• [Exercise objective]: All lines from the one that contains "集团两会工作报告主题鲜明,内" to the end of the data must be retyped exactly. Pictures are not retyped.
(Source data begins)
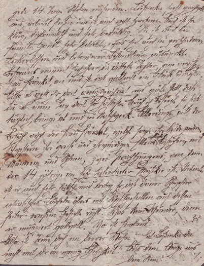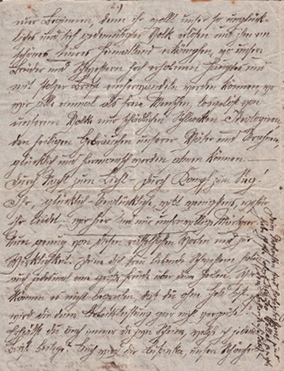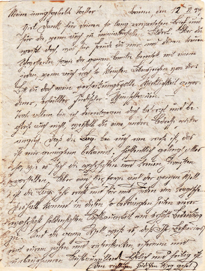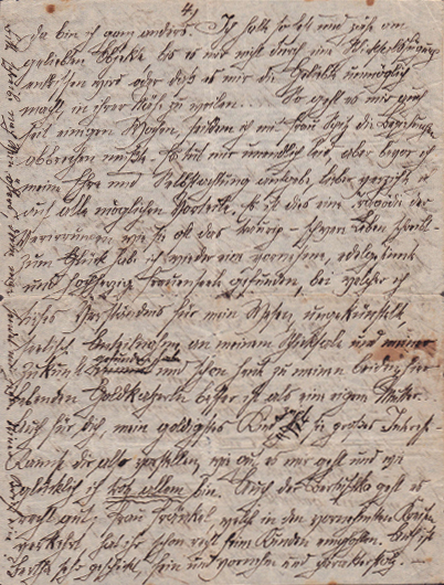 delusion? Isn’t Lussinka a bit similar to you in that respect? Out of sight, out of mind? [next page] I am quite different in that respect. I hold firmly and tenaciously onto the object of my love, so that it cannot be torn from me by a turn of fate or until my beloved makes it impossible to remain near her. That is how I have felt for several weeks since I had to break off my relationship with Mrs. Spitz. I am very sorry, but before I sacrifice my honor and self-respect, I would rather sacrifice all possible advantages. This is a tragedy of errors, as is often written in these sad, difficult times. Luckily, I have again found a high-minded, noble and proud womanly soul with whom I have found complete understanding of my being and genuine understanding and sympathy for my destiny and future, and who now treats both my sweet kittens5 who live here better than their own mother. She also takes great interest in you, my dear child. You can imagine how well things are going for me and how happy I am in spite of everything.6 Bertuschka is also doing quite well. Mrs. Fränkel, who travels in the most elegant circles, has already recommended quite genteel customers to her. Bertha is also very handy, refined and genteel, and has a proud character. [side of p. 4] Please write to Vienna – often – as not all of your letters are forwarded. [side of p. 2] Your news is highly interesting and I immediately showed it to Leo Pollak (the leader of the Bethars). |
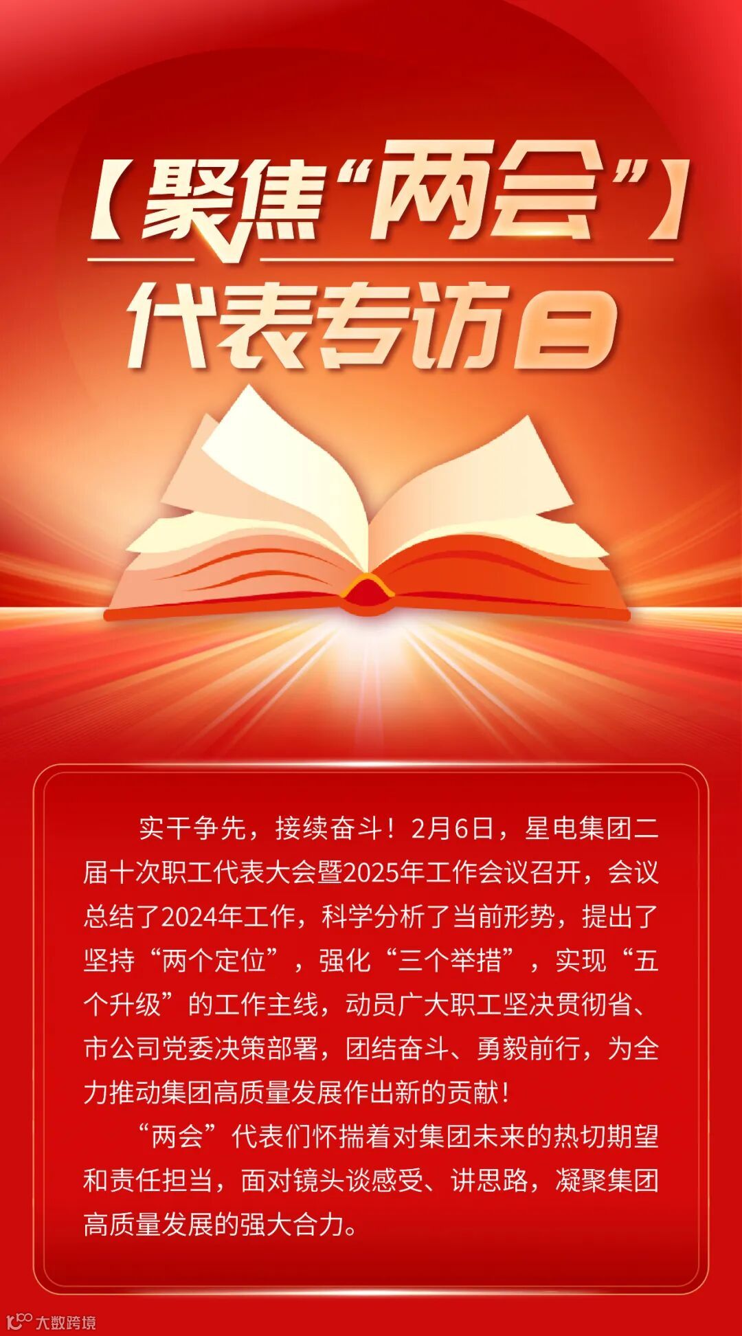 集团两会工作报告主题鲜明,内涵深刻,为我公司今年的工作指明了行动方向。2025年,星望公司将全面贯彻落实上级和集团公司“两会”精神,凝心聚力、全力以赴,把战略规划转化为具体行动。
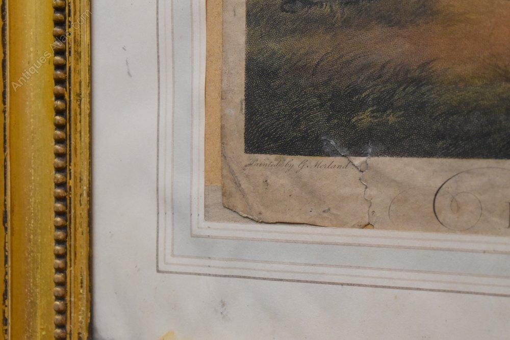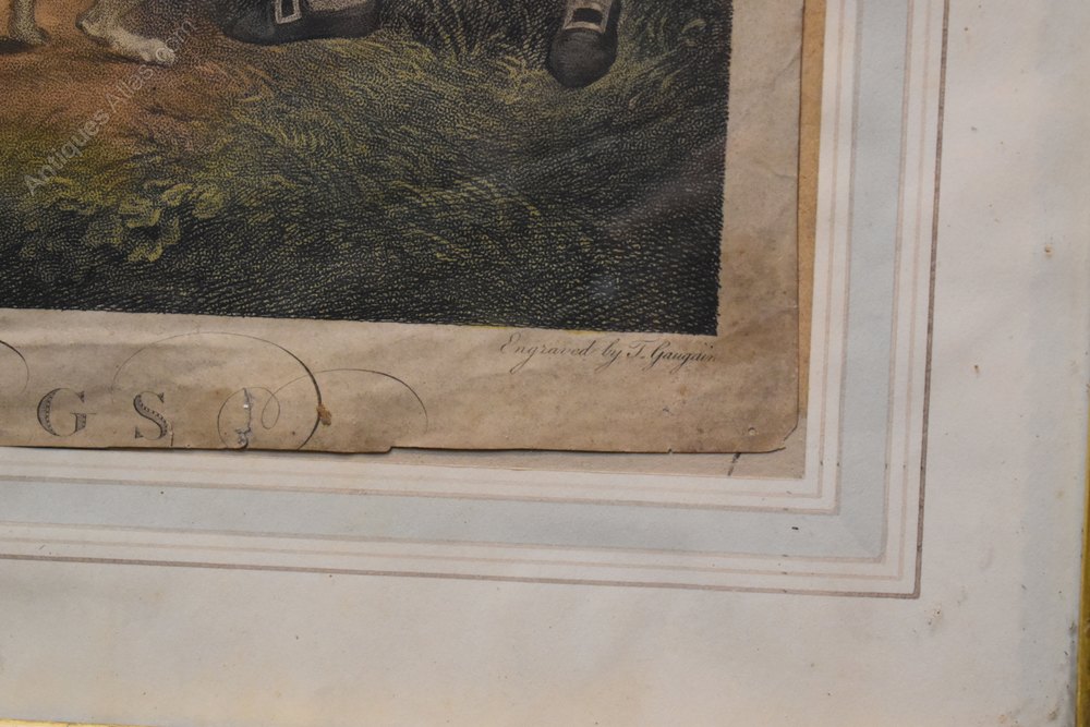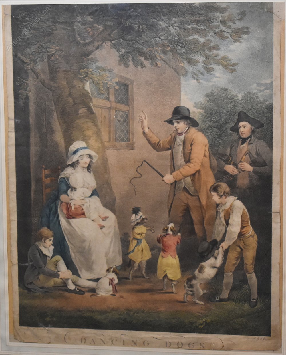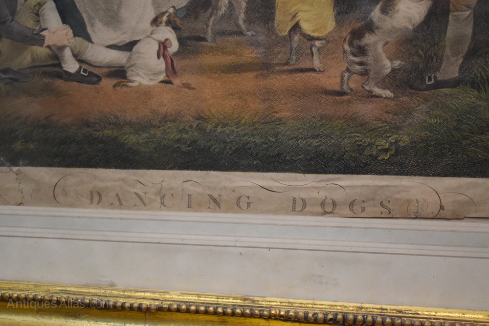 A fine Georgian period stipple engraving titled Dancing Dogs. The print is engraved by T Gaugain after the original painting by George Morland and was published around 1790. The print has some condition issues around the edges with tears but the colours are bright and clear. The frame is a later nineteenth century one from when the print would have been reframed, it is in good condition with original gilding and some areas of repair. The mount does not cover the print edges rather unusually. The whole is a good example of a Georgian print of a highly desirable subject from a famous original work now in the collection of the Metropolitan Museum of Art, New York.
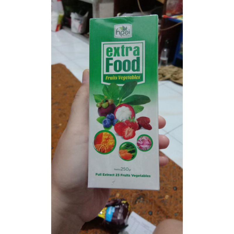 Extra Food suplemen kesehatan alami yang dibuat dari sinergi 23 herbal yang kaya akan antioksidan & serat alami. Mengkonsumsi Extra Food memberikan perlindungan Anda dan keluarga dari radikal bebas.
(Source data ends)
• [Task result]:
 集团两会工作报告主题鲜明,内涵深刻,为我公司今年的工作指明了行动方向。2025年,星望公司将全面贯彻落实上级和集团公司“两会”精神,凝心聚力、全力以赴,把战略规划转化为具体行动。
 A fine Georgian period stipple engraving titled Dancing Dogs. The print is engraved by T Gaugain after the original painting by George Morland and was published around 1790. The print has some condition issues around the edges with tears but the colours are bright and clear. The frame is a later nineteenth century one from when the print would have been reframed, it is in good condition with original gilding and some areas of repair. The mount does not cover the print edges rather unusually. The whole is a good example of a Georgian print of a highly desirable subject from a famous original work now in the collection of the Metropolitan Museum of Art, New York.
 Extra Food suplemen kesehatan alami yang dibuat dari sinergi 23 herbal yang kaya akan antioksidan & serat alami. Mengkonsumsi Extra Food memberikan perlindungan Anda dan keluarga dari radikal bebas.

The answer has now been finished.